Livre  Le capitalisme expliqué à ma petite-fille

L’ordre cannibale

Le capitalisme expliqué à ma petite-fille
(en espérant qu’elle en verra la fin)
Jean Ziegler
Éditions du Seuil
Paris, 2018
115 pages

Ancien rapporteur spécial de l’ONU pour le droit à l’alimentation, Jean Ziegler a vu de ses propres yeux les affres du capitalisme sur les populations pauvres. Mais il ne peut nier les bienfaits d’un système qui profite à une minorité privilégiée. Que faire ?

Extrait d’un dialogue entre le sociologue et sa petite-fille. 

– L’autre soir, maman m’a appelée, tout excitée : tu passais à la télévision et tu discutais du capitalisme avec un homme apparemment très aimable, mais vous n’étiez d’accord sur rien. Je n’ai pas compris grand-chose à votre querelle, pourtant tu avais l’air assez fâché. Pourquoi ?

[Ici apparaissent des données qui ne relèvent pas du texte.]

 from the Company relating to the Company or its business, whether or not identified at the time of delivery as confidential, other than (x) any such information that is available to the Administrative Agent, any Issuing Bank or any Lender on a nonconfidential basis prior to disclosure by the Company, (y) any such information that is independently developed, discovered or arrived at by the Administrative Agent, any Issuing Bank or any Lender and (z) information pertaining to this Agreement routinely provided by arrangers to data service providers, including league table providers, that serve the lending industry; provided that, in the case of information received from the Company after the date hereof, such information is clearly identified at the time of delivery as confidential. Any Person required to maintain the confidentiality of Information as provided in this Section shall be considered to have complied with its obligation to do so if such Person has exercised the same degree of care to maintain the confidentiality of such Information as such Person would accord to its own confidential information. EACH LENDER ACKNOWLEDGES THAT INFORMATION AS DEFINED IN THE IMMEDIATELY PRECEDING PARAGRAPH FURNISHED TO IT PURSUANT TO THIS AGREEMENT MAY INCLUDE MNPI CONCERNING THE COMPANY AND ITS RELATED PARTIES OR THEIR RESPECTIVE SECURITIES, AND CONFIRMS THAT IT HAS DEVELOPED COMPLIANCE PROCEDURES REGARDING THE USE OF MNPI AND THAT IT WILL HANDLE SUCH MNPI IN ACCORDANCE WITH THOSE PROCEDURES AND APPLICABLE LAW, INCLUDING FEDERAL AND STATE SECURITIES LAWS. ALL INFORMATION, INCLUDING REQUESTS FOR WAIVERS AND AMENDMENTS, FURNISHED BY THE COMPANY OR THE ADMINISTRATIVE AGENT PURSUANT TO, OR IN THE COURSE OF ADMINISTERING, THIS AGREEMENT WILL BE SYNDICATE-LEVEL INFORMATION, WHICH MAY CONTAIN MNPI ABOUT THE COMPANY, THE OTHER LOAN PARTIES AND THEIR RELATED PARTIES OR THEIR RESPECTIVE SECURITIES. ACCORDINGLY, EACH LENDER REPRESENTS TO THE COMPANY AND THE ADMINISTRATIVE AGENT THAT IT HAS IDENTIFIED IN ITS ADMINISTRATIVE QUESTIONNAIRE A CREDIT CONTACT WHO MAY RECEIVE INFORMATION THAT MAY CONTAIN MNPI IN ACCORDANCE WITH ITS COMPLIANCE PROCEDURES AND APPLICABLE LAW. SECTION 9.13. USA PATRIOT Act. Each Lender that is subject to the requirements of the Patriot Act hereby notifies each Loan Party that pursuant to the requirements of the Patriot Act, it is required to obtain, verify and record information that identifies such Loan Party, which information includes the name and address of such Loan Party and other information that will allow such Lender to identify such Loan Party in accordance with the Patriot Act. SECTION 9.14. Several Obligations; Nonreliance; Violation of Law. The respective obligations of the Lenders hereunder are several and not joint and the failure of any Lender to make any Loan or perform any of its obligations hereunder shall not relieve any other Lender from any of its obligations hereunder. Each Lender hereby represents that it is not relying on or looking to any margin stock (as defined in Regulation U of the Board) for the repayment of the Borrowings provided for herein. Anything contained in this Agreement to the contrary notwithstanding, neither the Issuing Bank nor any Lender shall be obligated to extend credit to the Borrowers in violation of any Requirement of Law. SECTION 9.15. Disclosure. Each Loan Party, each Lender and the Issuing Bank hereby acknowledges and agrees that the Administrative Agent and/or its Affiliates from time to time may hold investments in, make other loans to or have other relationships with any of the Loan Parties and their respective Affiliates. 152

– Tu as raison Zohra, j’étais en colère. Cet homme en face de moi s’appelle Peter Brabeck-Letmathe, c’est le président de Nestlé, la société transcontinentale de l’alimentation la plus puissante du monde. Nestlé, qui a été fondée il y a cent cinquante ans dans la petite Suisse, est aujourd’hui la vingt-septième des plus puissantes entreprises de la planète.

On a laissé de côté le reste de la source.